© Times-Herald photo by Matthew Gourlie
Levi Steinhauer, centre, takes part in the Riders' pre-game walkthrough Wednesday at Mosaic Stadium.
Levi Steinhauer wants to improve every time he steps on a football field.
Saturday the 22-year-old Moose Jaw product saw his hard work pay off when he made the Saskatchewan Roughriders.
Now Steinhauer wants to keep on improving.
“I’ve been working towards this for a long time, so I’m pretty excited,” said Steinhauer. “Now the real hard work begins on this journey. I’m just trying to be prepared to go to work every day. I want to become the best football player I can become.”
Steinhauer, a six-foot-three, 235-pound defensive end will likely be used primarily on special teams this season, but the Peacock graduate wants to improve every facet of his game. He said he worked to get better every day at the University of Saskatchewan and plans to continue that attitude as his hard work pays off.

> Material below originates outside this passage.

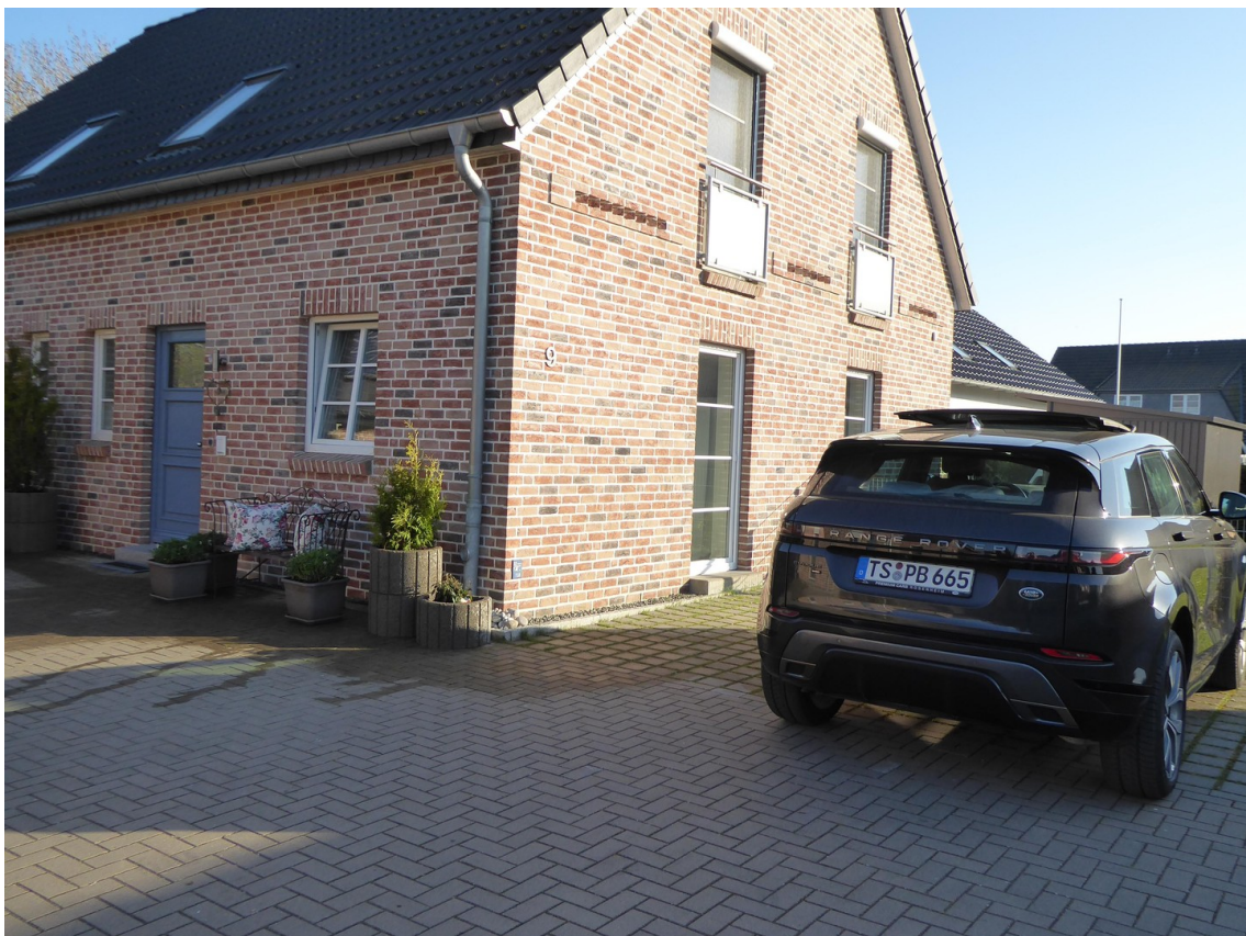
VORDERE DHH mit Stellplatz

“I went in with the mindset that you have to get better every day. You can’t rely on anything you’ve done in the past or be satisfied with what you did the day before,” said Steinhauer. “I went to practice every day in my university career with that mindset. I put as much into it as I could, just so I could get this payoff at the end of my university career.”
Steinhauer was a fifth round pick in the most recent CFL draft. His ability to long snap was part of his appeal, but his attitude and his performance when he did get time on defence helped him stick with the Riders.

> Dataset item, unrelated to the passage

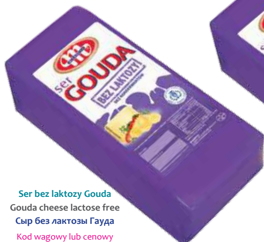
Ser bez laktozy Gouda Gouda cheese lactose free Сыр без лактозы Гауда Kod wagowy lub cenowy Code weight or price Код весовой или ценовой 04069078

Many people suffer from lactose intolerance - disaccharide naturally occurring in milk. Usually they give up eating dairy products, sacrificing valuable nutrients needed for the proper functioning of the body. The reason is the absence or deficiency of the lactase - digestive enzyme needed to break down lactose to absorbable sugars, glucose and galactose. MLEKOVITA to face the nutritional needs of those consumers, has prepared a line of cheese without lactose.

“Levi just came out of the blue and really played well for us,” said Riders GM Brendan Taman. “(He was) pretty surprising to be honest with you. He just kept getting better as the camp went on.
“He snaps well, so he’s another insurance policy there. Actually as a d-lineman he’s not bad either and obviously he’ll play some (special) teams for us. He was a nice surprise for us.”
He recorded a sack and had five tackles in the Riders’ two pre-season games and chipped in on special teams, including a half as the team’s long snapper in Edmonton.
Steinhauer may have been a pleasant surprise for the Riders’ brass, but he looked comfortable and confident in the games and during camp.
“You’re there and you want to put your best foot forward in camp. Going into those (pre-season) games I had a little bit of nerves, but at the same time I felt that I was going to go into the games and do my best and whatever happens from there was basically out of my control,” said Steinhauer.
“I just wanted to enjoy it and to have a good time. Being stressed out and a big nervous wreck wasn’t going to facilitate that. I wanted to have a clear mind so I could play fast and show them what I had and let them make the decision after that.”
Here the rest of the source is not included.